Chapter 15 Linear Discriminant Analysis Flashcards
WHEN DO WE USE LDA? P71
Logistic regression is a classification algorithm traditionally limited to only two-class classification problems. If you have more than two classes then the Linear Discriminant Analysis is the preferred linear classification technique. But even with binary classification problems, it is a good idea to try both logistic regression and linear discriminant analysis.
WHAT ARE THE LIMITATIONS OF LOGISTIC REGRESSION? P71
Two-Class Problems. Logistic regression is intended for two-class or binary classification problems. It can be extended for multi-class classification, but is rarely used for this purpose.
Unstable With Well Separated Classes. Logistic regression can become unstable when the classes are well separated.
Unstable With Few Examples. Logistic regression can become unstable when there are few examples from which to estimate the parameters.
WHAT ARE THE ASSUMPTIONS OF LDA? P72
That your data is Gaussian, that each variable is shaped like a bell curve when plotted.
That each attribute has the same variance; that values of each variable vary around the mean by the same amount on average.
HOW CAN WE PREPARE DATA FOR LDA? P73
Classification Problems. This might go without saying, but LDA is intended for classification problems where the output variable is categorical. LDA supports both binary and multiclass classification.
Gaussian Distribution. The standard implementation of the model assumes a Gaussian distribution of the input variables. Consider reviewing the univariate distributions of each attribute and using transforms to make them more Gaussian-looking (e.g. log and root for exponential distributions and Box-Cox for skewed distributions).
Remove Outliers. Consider removing outliers from your data. These can skew the basic statistics used to separate classes in LDA such as the mean and the standard deviation.
Same Variance. LDA assumes that each input variable has the same variance. It’s almost always a good idea to standardize your data before using LDA so that it has a mean of 0 and a standard deviation of 1.

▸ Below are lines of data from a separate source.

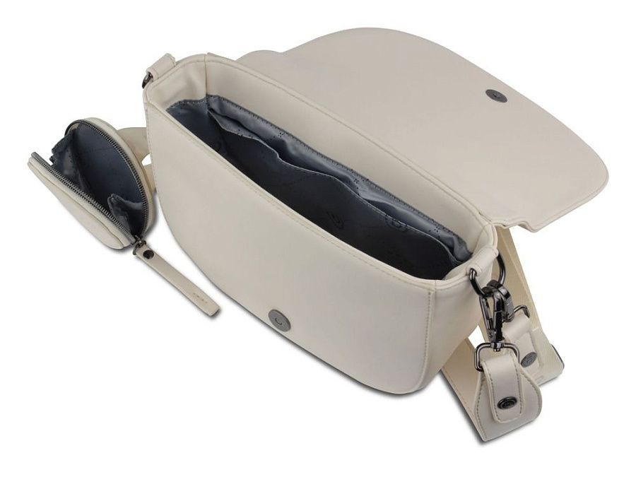 Внешняя организация: съёмный регулируемый плечевой ремень (до 50 см), съёмный регулируемый плечевой ремень (до 140 см) со съёмным кошельком на молнии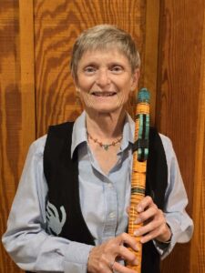 3:00-3:25 | Pendleton Spicer has been involved with music in one way or another all her life. She has played several instruments, allowing music to be a big part of her life. She always loved playing any kind of instrument, but when she discovered the Native American-style flute, she was hooked. That introduction happened New Year’s Even 2001. She taught herself the basics, joined flute circles, participated in numerous classes, took some lessons, and became an accomplished player of heart songs. She can read music but prefers the freedom of playing in her heart. She is fond of saying, as she introduces a song, “You have never heard this song before and most likely will not hear it again.” Pendleton is visually impaired as a result of a stroke that occurred in July 2024. She considers herself very fortunate in that no other part of her body or mind was permanently affected by the stroke. However, her life was turned upside down due to the fact that she can no longer drive, along with losing half her visual field. But that does not stop Pendleton from loving to play her flutes, especially when she can share the music that comes through her and her flutes for others to experience and enjoy.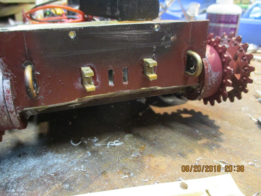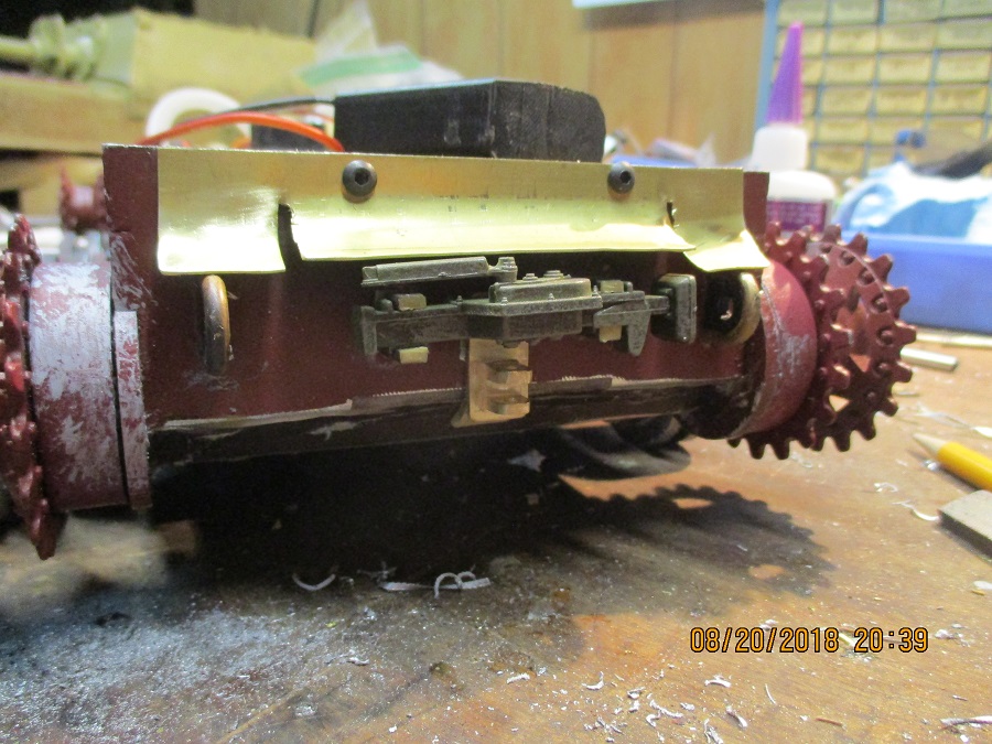 Machined rear center hitch from one piece brass. Sheet metal for the electric motor cooling deflectors. OEM was 3 piece, but easier to make as one. Tow eyes brass and 3D printed centers. Jack and mounts modified from king tiger....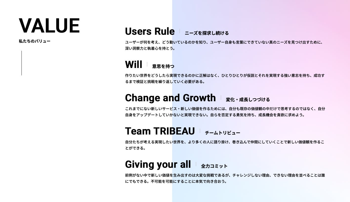 トリビューがユーザーの皆さまにとってどのような存在であり続けたいのかに加えて、トリビューが成長を続けるために守っていきたい価値観を言語化しています。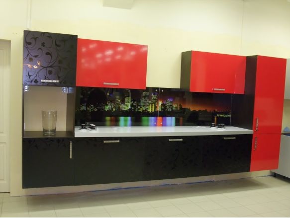фото с магазина фото после ремонта. мебель с фартуком из кал. стекла обошлась в 65тыр. длина 3,90м.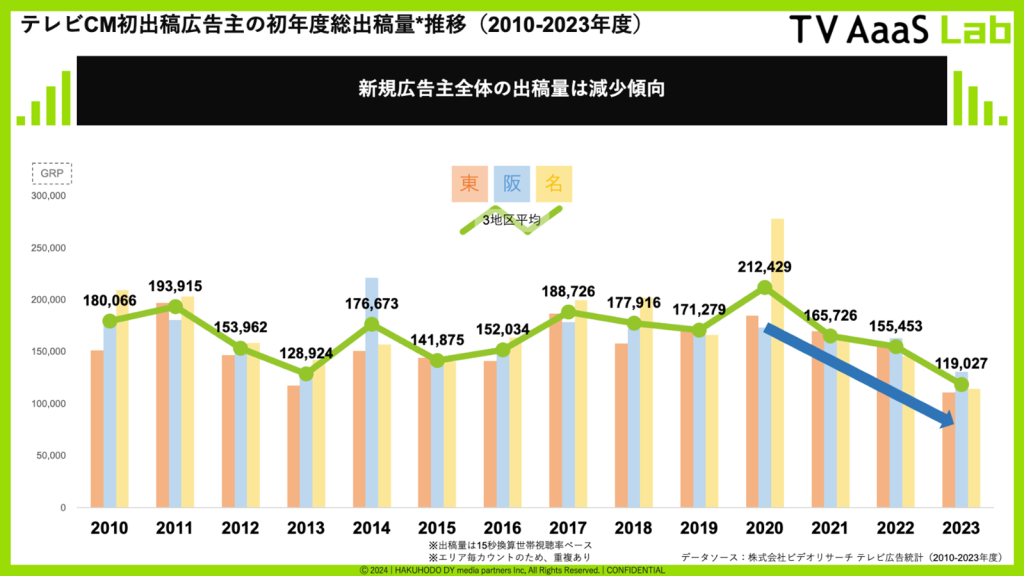 株式会社博報堂DYメディアパートナーズ(本社:東京都港区、代表取締役社長:矢嶋弘毅)の研究開発コミュニティ「TV AaaS Lab(テレビアースラボ)」はこの度、「テレビCM初出稿広告主分析2010-2024」を実施しました。関東・関西・名古屋いずれかのエリアでテレビCMに初出稿を行った企業の過去14年間分のデータを分析した結果から、主なファインディングスをご紹介します。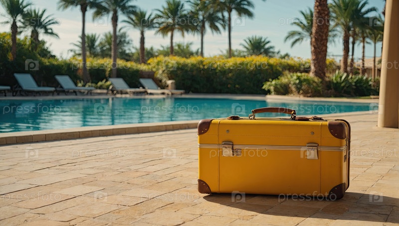 Стильный чемодан на деревянной палубе в курорте, пальмы и бассейн, концепт прибытия к месту назначения, реклама путешествий, горячие предложения, туристическое агентство, текстовое пространство для промо-сообщения

WHAT ARE THE NAMES OF THE EXTENSIONS TO LDA MODEL?
P 73
Quadratic Discriminant Analysis: Each class uses its own estimate of variance (or covariance when there are multiple input variables).
Flexible Discriminant Analysis: Where nonlinear combination of inputs is used such as splines.

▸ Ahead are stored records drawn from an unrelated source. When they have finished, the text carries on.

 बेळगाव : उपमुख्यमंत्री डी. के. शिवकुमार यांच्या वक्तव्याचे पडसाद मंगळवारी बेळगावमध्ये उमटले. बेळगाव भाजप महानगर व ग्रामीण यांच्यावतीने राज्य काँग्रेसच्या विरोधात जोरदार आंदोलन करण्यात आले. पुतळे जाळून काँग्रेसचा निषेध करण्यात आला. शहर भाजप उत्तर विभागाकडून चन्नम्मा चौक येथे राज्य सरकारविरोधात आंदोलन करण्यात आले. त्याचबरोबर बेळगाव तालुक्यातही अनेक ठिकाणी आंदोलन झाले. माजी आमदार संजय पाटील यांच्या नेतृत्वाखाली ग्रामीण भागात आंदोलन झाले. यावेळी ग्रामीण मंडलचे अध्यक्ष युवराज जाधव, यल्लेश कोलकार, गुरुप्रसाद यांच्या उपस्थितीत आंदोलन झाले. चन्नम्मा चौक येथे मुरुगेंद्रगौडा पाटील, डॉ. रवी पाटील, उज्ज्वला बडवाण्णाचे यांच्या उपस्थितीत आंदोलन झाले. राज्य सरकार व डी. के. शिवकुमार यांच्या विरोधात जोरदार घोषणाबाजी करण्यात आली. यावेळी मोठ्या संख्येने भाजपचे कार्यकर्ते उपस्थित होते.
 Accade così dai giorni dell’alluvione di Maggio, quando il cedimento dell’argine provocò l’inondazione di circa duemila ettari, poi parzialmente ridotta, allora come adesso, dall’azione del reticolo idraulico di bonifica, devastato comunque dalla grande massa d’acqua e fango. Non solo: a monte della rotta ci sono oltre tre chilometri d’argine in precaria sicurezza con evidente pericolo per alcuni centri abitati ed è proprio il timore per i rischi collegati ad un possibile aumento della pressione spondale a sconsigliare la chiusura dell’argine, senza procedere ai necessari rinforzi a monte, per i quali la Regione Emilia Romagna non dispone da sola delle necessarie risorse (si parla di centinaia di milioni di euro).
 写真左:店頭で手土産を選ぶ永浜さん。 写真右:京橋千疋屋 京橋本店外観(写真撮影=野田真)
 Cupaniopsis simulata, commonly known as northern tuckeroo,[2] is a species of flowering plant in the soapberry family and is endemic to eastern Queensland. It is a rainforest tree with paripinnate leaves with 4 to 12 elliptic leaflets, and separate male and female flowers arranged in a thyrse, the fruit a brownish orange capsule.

Regularized Discriminant Analysis: Introduces regularization into the estimate of the variance (or covariance), moderating the influence of different variables on LDA.

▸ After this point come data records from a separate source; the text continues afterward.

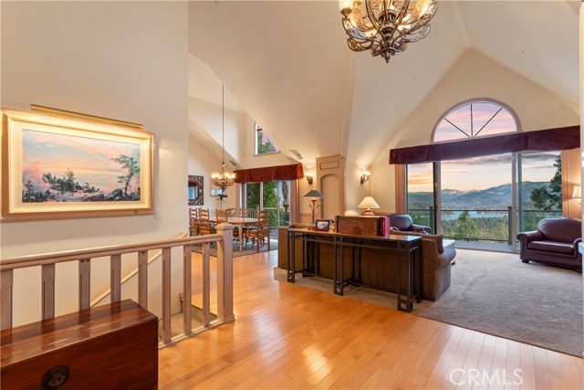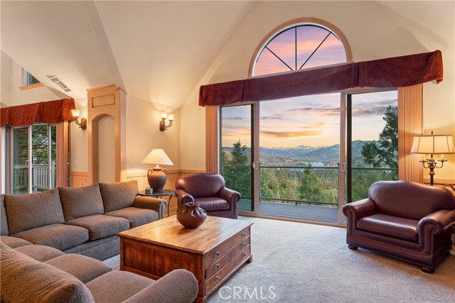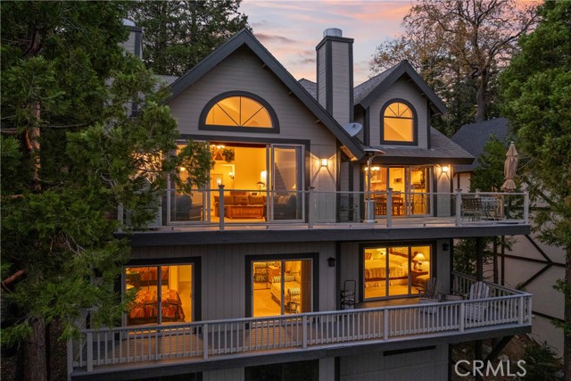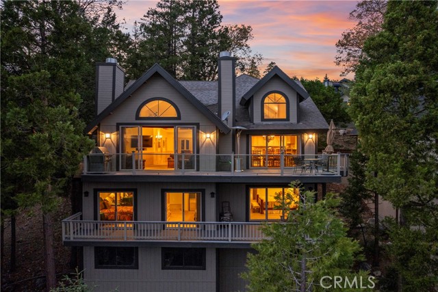Arguably one the of the best, unobstructed panoramic LAKEVIEWS in all Lake Arrowhead!! Truly a special opportunity to acquire a piece of property which is located in a unique setting boasting unparalleled views of the majority of Lake Arrowhead and Eastern ridgeline. Well maintained and first time on market since 1993. Located on a very low traffic road, this setting is perfect for kids or grandkids to play out front without the worry of cars passing by. Full lake rights and conveniently located less than 10 mins to Blue Jay, Grass Valley Park and County Club, this 3,365 sq ft 4 bedroom/2.5 bathroom offers a spacious open floorplan perfect for family gatherings. Upon level entry from the garage, feel the weight lifted off your shoulders when you see the incredible view through large living room sliding doors. High quality solid wood flooring and finish carpentry wainscoting throughout the entry level. A remodeled kitchen is a chefs dream offering a high end Thermador range/hood, 2 ovens and microwave. Stainless double door Kitchen Aid fridge and Bosch dishwasher. Granite counter tops, custom tiled backsplash and 3 stool breakfast bar complete the kitchen. Upper level(over the garage) offers a 20’x32’ billiards room equipped with a full wet bar and card table loft area overlooking the dining room below. The vaulted ceiling living room leads directly onto a 35 ft wide Trex deck perfect for morning coffee sunrises and evening BBQs. Downstairs hosts a primary en suite bedroom with cozy stone wood burning fireplace and double closets. Pamper yourself in the attached bathroom with oversized soaking tub, walk in shower, and double sink vanity with granite counter top. 3 spacious guest bedrooms, remodeled full bathroom, and full size laundry room complete the lower level. Relax in comfort with forced heating and A/C on all levels. There’s more! Lowest level unfinished basement can be converted into a full guest apartment, gym or home office if desired. What makes this property so special is it receives just the right amount of natural light while nestled in a evergreen tree forest. Plenty of sunlight in the morning and afternoon and just the right amount of shade in the evenings when relaxing on the rear deck. If you are a discerning lakeview buyer that has been patiently waiting for the right property, it has arrived! Shown by appointment only.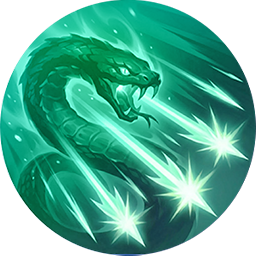 对敌方后排造成攻击力148%的法术伤害,对目标添加1层【涂毒】,并有35%概率对目标添加【同命归缚】,若目标已拥有【同命归缚】,则额外添加1层【涂毒】。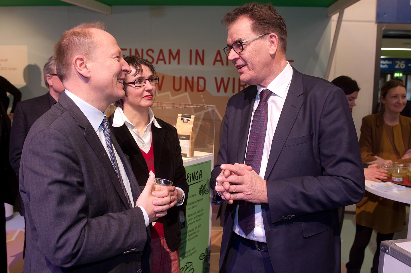 Bundesentwicklungsminister Dr. Gerd Müller eröffnete die Sonderschau am 20. Januar: "Zusammen mit unseren Entwicklungsexperten auf der ganzen Welt arbeiten wir dafür, dass Lebensmittel oder Kleidung unter fairen sozialen und ökologischen Bedingungen hergestellt werden. Damit erreichen wir Entwicklungssprünge in unseren Partnerländern, sichern die Zukunft der Menschen am Anfang der Produktionskette und leisten wesentliche Beiträge zum Umwelt- und Klimaschutz. Die Fortschritte, die wir hier erreichen, sind beeindruckend. Von unseren grünen Innovationszentren bis hin zum Textilbündnis erbringen wir den Beweis: mit fair geht mehr und jeder von uns kann dazu seinen Beitrag leisten."

What’s the similarity and difference between LDA and PCA?
External
- Both LDA and PCA rely on linear transformations and aim to maximize the variance in a lower dimension. (reduce dimension)
- Both method’s rank the new axis in order of importance (PC1 accounts for the most variation in the data, LD1 accounts for the most variation between the categories)
- Unlike PCA, LDA finds the linear discriminants in order to maximize the variance between the different categories while minimizing the variance within the class. (LDA focuses on maximizing the separabality among known categories) but PCA reduces dimensionality by linearly transforming the data into a new coordinate system where (most of) the variation in the data can be described with fewer dimensions than the initial data.
When should we use LDA for dimensionality reduction?
External
we should be using LDA for dimensionality reduction if the objective is to maintain class separability.
If we have 3 classes and 18 features, LDA will reduce from 18 features to only ____ features
External
2
Can we use LDA for a dataset with categorical features? Explain
External
LDA works on continuous variables. If the classification task includes categorical variables, the equivalent technique is called the discriminant correspondence analysis.